I found that all these accusations arose only after the impeachment of Justice Ja’neh was being considered and pursued. First, there were those who felt that the Chief Justice should not have presided over the impeachment trial at the Liberian Senate. Second, there were those who determined that the Chief Justice should have taken steps to help Justice Ja’neh in the cases that were filed before the Supreme Court, first by Justice Ja’neh by way of a Writ of Prohibition to stop the House of Representatives from examining the complaint of Representatives Acarous Gray and Thomas, and then by four Senators against the amendment of Senate Rule #63.

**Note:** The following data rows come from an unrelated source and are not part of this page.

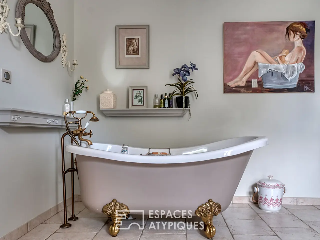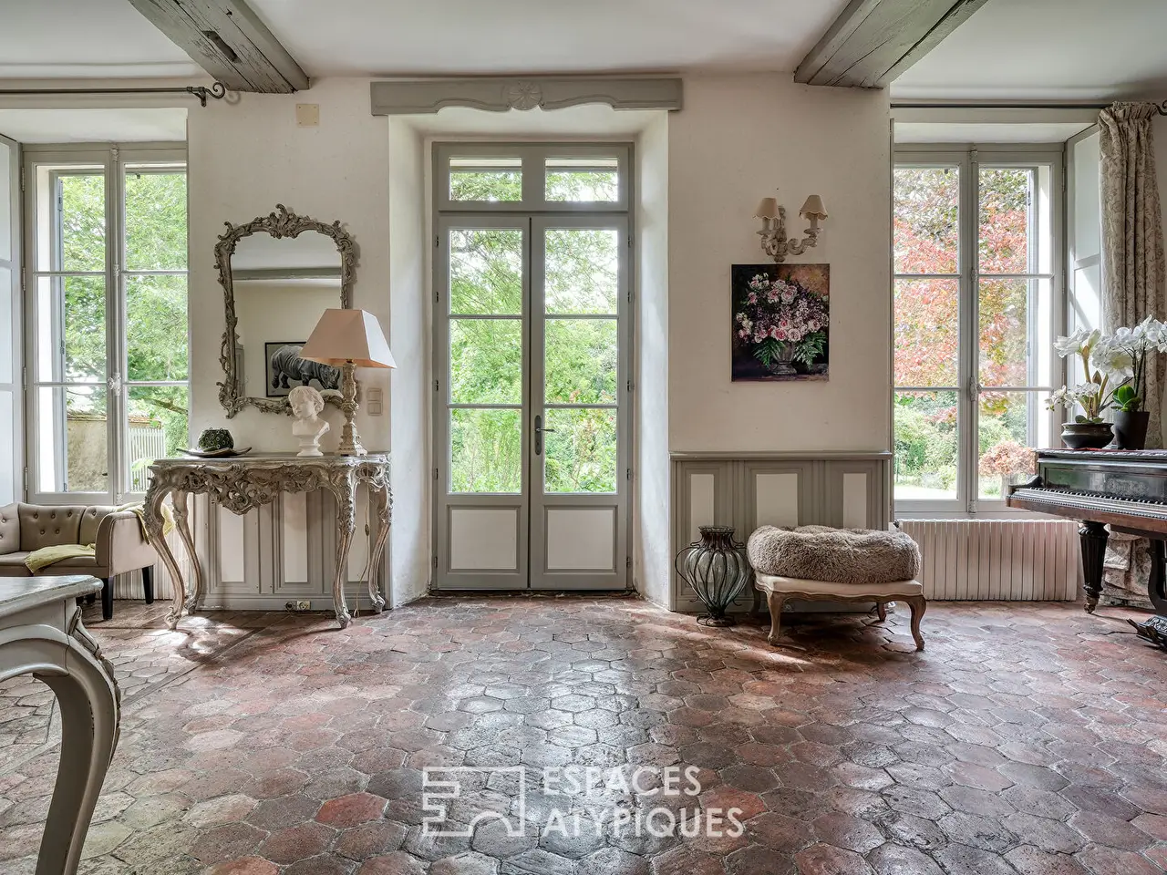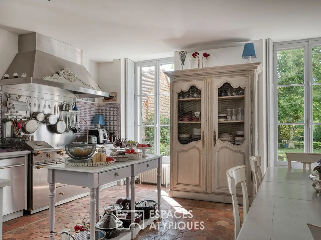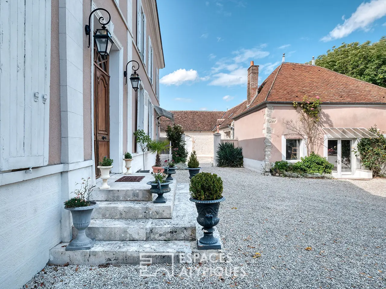 Only 100km from Paris, on the border of the Seine et Marne, in a small village in the Loiret, in the heart of a park of more than 3 hectares, this Directoire castle develops 465sqm of living space (520sqm on the ground), supplemented by a caretaker's house with 70sqm of living space (80sqm on the ground). Take a long avenue of lime trees, discover the front of the park and begin to see this historic facade, adorned with a Louis XIII gate. The main courtyard allows you to discover the different buildings that will make up this property. The visitor's eye is already sparkling and is impatient to climb the steps to push open the majestic double main door. The cabochon paving of the entrance will then give way to the terracotta tiles, the true common thread of this building. A breathtaking living space is then revealed. The living room seems to be one with the English-style garden which gives this reception space an incomparable elegance. The remarkable stone fireplace and bases add to the warm atmosphere. The adjoining dining room, sharing the same codes, perfectly completes the reception on this level. The kitchen, the real bustling heart of the house, is spacious, bright and equipped with high-end appliances. Thus, the emblematic piano of the Lacanche house will delight the taste buds of gourmets. A scullery with laundry room follows. An office, a small boudoir-style relaxation room and a service entrance complete this level. The two upper levels are dedicated to the sleeping area. On the first floor, elegance is also present in every room. The master bedroom, with generous volumes, is decorated with a custom dressing room, a gym and a double modular bathroom, with a resolutely chic spirit where everyone will find their own space. There proudly sits a rooster's claw bathtub. Three other spacious bedrooms, with their own style as well as an additional bathroom make up this level. The second and top floor comfortably accommodates guests. A first large bedroom under exposed framework has a private open bathroom. A bathroom, three other bedrooms with a water point for some as well as an attic complete this floor. Because this residence is exceptional, it had to have an equally exceptional cellar. Vaulted, made of stone and brick, it is worthy of hosting the greatest wines. A second cellar, more technical but large, partly houses the boiler room. The exteriors are truly an ode to relaxation, an invitation to slow down and enjoy. Enjoy around the swimming pool and its pool house, in the shade of the olive trees. Enjoy under the covered terrace with summer kitchen. Enjoy strolling through the different gardens, with different inspirations. The outbuildings are as large as the castle. First, a Louis XIII pavilion of 80sqm includes a first room on the ground floor and a second room upstairs. Today he has an office and an artistic workshop there, but the range of possibilities is vast. Then, the caretaker's house is today a habitat in its own right. It can accommodate family, friends or a live-in caretaker with living room, kitchen, laundry room and upstairs two bedrooms and bathroom. Finally, to complete the discovery of this property, several garages, shelter, old stables, old greenhouses and like a cherry on the cake a barn of more than 300sqm on two levels. This historic property combines authenticity, elegance and old-world charm while having benefited from a high-quality restoration, without austerity or ostentation and enhanced by an artistic touch. Paris via A6 Quick access to the A19 to join either the A10 or the A77 Train stations (Nemours, Montargis, Souppes) less than 30 minutes Amenities in neighboring towns a few minutes by car ENERGY CLASS: E CLIMATE CLASS: E Estimated average amount of annual energy expenditure for standard use, established from average energy prices indexed to the years 2021, 2022, 2023: between EUR11,690 and EUR15,870.
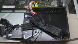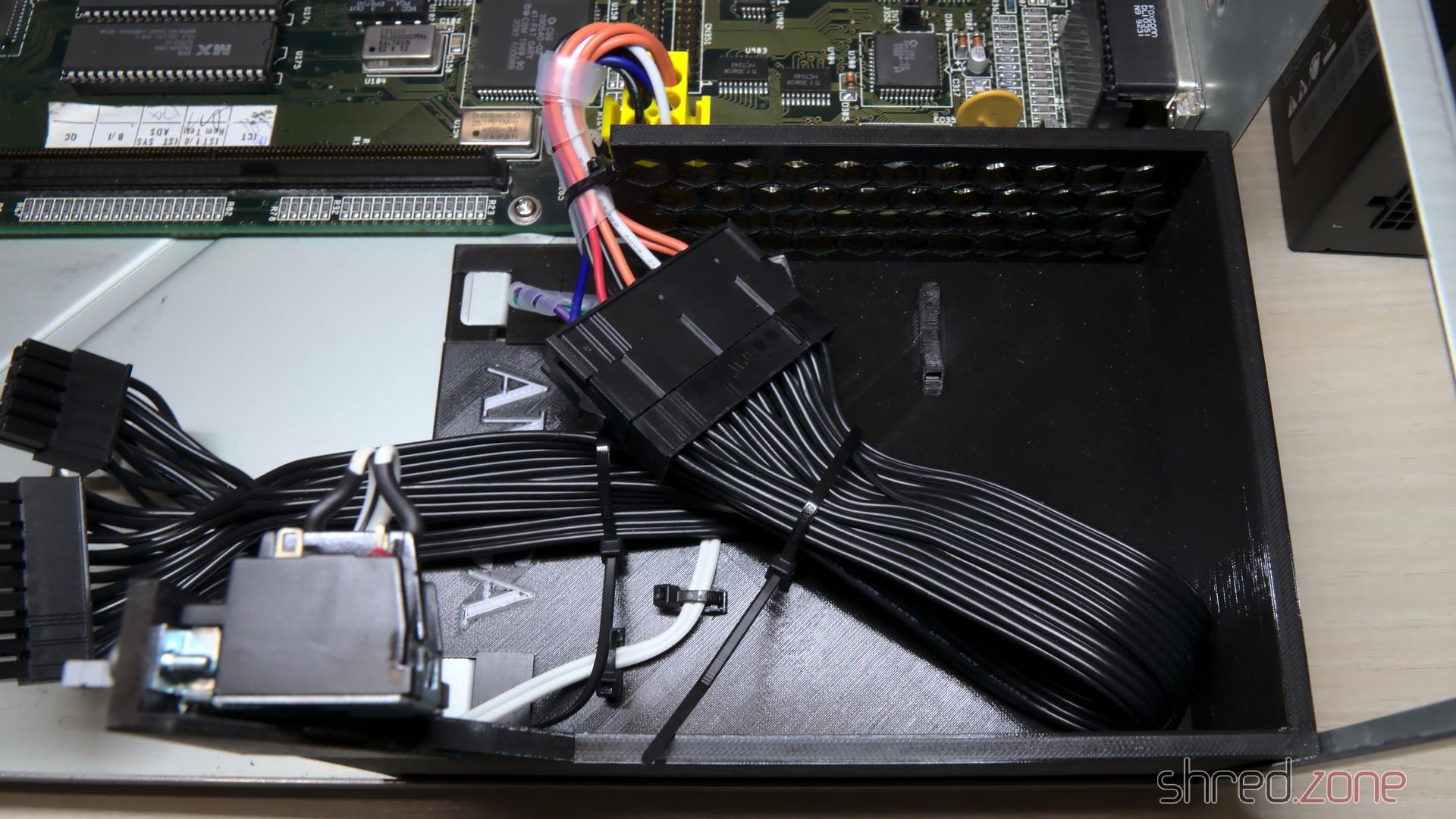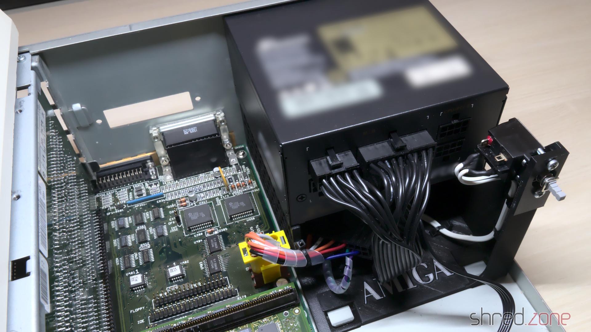 Überraschenderweise passt ein Standard-SFX-Netzteil perfekt in die Netzteilöffnung an der Rückseite des Amiga-Gehäuses. Sogar die beiden Schraubenlöcher des Gehäuses passen perfekt, fast so, als wäre der SFX-Formfaktor genau für diesen Zweck erfunden worden. Unter dem Netzteil ist ausreichend Platz für den Lüfter, um die warme Luft aus dem Gehäuseinneren nach draußen zu befördern. Es gibt auch genug Platz für den längeren SFX-L-Formfaktor. Die meisten davon verwenden einen leisen 120-mm-Lüfter. Es wird lediglich ein Rahmen benötigt, auf dem das Netzteil sitzen kann.
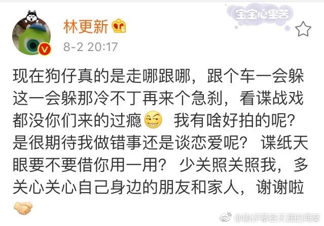 至于大量日常自黑,已经见怪不怪了,甚至林更新还转发视频软件上丑萌大叔的视频,搞笑极了。
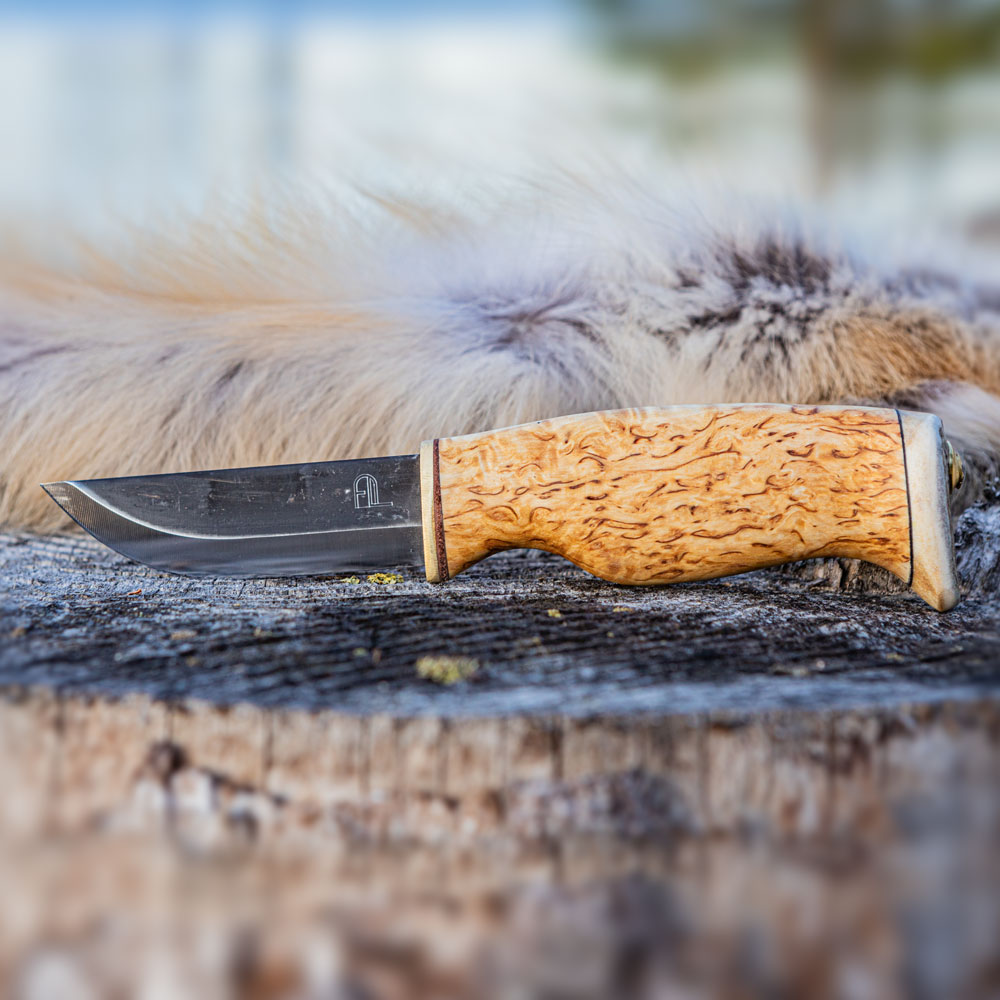 Rękojeść powstała z regionalnego drewna brzozy karelskiej o bardzo charakterystycznym układzie słojów. Drewno to od lat z powodzeniem stosowane jest jako materiał rękojeści klasycznych noży skandynawskich. Samo jej zakończenie natomiast, wykonane jest z poroża co nadaje jej jeszcze większej indywidualności. Ergonomiczne wyprofilowana rękojeść zapewnia wygodny chwyt.

In order to fully appreciate the situation, I shall endeavor to study or review the events that surrounded the impeachment of Justice Ja’neh and the aftermath and ramifications thereof. This review shall look at what actually happened and what should have been done or what could have been done in all the circumstances. This review shall therefore focus on the following areas:

  1. PROHIBITION FILED BY JUSTICE JA’NEH
  2. CASE FILED BY THE SENATORS
  3. BILL OF IMPEACHMENT IN THE HOUSE OF REPRESENTATIVES
  4. IMPEACHMENT TRIAL IN THE LIBERIAN SENATE

First, I shall look at the cases which were filed before the Supreme Court; and then we shall look at what transpired at the Capitol Building.

  1. PROHIBITION FILED BY JUSTICE JA’NEH

Two Members of the House of Representatives, namely, Hon. Acarous Moses Gray and Hon. Thomas Fallah of Montserrado County filed a written complaint to the Plenary of the House of Representatives against Justice Ja’neh proposing that he be impeached. The complaint of these two law makers was duly tabled and a committee was set up and mandated to study the complaint and report back to Plenary of the House at a later date.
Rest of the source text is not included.